Sitting back in his chair, Louis looks us over and says, “I received a letter from our lady mother this morning.”
Suddenly the sullen brothers are all attention. Even at a distance Blanche commands in a way that Louis cannot.
“She has dispatched the monies that Her Majesty”—he nods appreciatively in my direction—“so presciently wrote to request on our behalf the moment the terms of my surrender were known to her.”
It was, I think, the one time in my sixteen-year marriage that I have ever written to Blanche with honest and bold language. I knew our chests here could not supply the balance of the ransom and knew as well that the dragon would do everything in her power to assist Louis.
“Our mother earnestly entreats me to return to France with haste on the grounds that my kingdom has need of me and that my truce with the English king soon expires. She is also particularly eager for you, Alphonse, to claim in person the county of Toulouse, which became yours upon the death of your good wife’s father.”
“I will go home most willingly t
he moment Your Majesty is ready!” Alphonse replies with real eagerness.
“Hm.”
The tone of Louis’s voice, not entirely approving, shocks me into wariness. Surely we are going home as soon as the last monies are paid? I’ve written to little Louis and told him as much.
“After receiving our mother’s letter, I summoned the noblemen who live and hold possessions in this land. Unlike you, Brother, they show little zeal for my departure.”
“What?” Charles blurts the word out without thinking. Then, recalling to whom he speaks, he sits up straight in his chair and in a more careful tone says, “Pardon me, Your Majesty, but surely you do not think of staying in this forsaken place. With so few knights left, what would Your Majesty propose by it?”

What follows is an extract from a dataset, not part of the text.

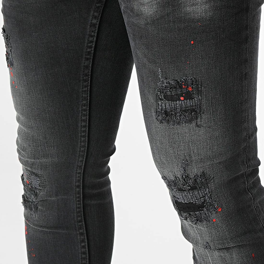 • Finition usée, tachée, délavée et avec rapiéçages
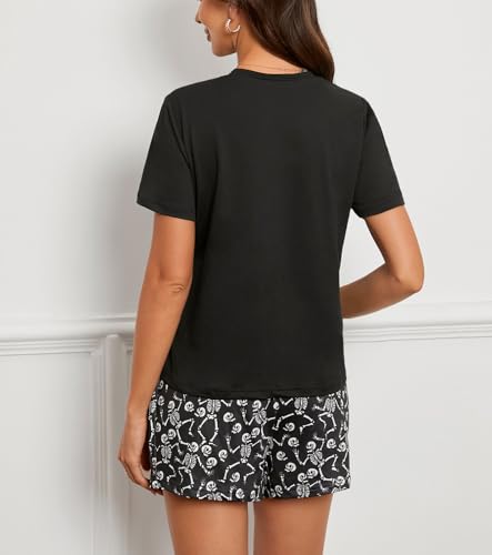 • Design: Halloween Short sleeve pajamas set with pull on closure, round neck and relaxed fit, lightweight and comfortable with elastic waistband for Halloween sleepwear shorts.

“The barons here seem to think this land will be lost in its entirety if I withdraw. But”—Louis puts up a hand to stop Charles who shows every sign of interrupting—“I make no decision on the point at present. No, I will hear advice before deciding such an important matter.”
Charles looks momentarily relieved; then his face clouds again. “Whose advice?”
“Yours, Brother, to be sure, but also the advice of my councilors and of the preudommes who survived the desert with us and have ever given me excellent counsel even when I would not hear it. And, of course, I will hear the opinion of the Holy Father’s legate.”
I can guess what Charles and Alphonse are thinking. As soon as they leave this room, they will seek the very men whom Louis names and secure their opinions. I would do the same had I the purse or the political connections for such action. Next month it will be two years complete since we set sail from Aigues-Mortes. We have exhausted what supplies we did not abandon in Damietta, and our mighty army is largely dead or imprisoned in Egypt. There is nothing for it but to swallow our pride, accept our defeat, and go back to France. Why not do so at once so that Louis can continue to recover his health in his own kingdom?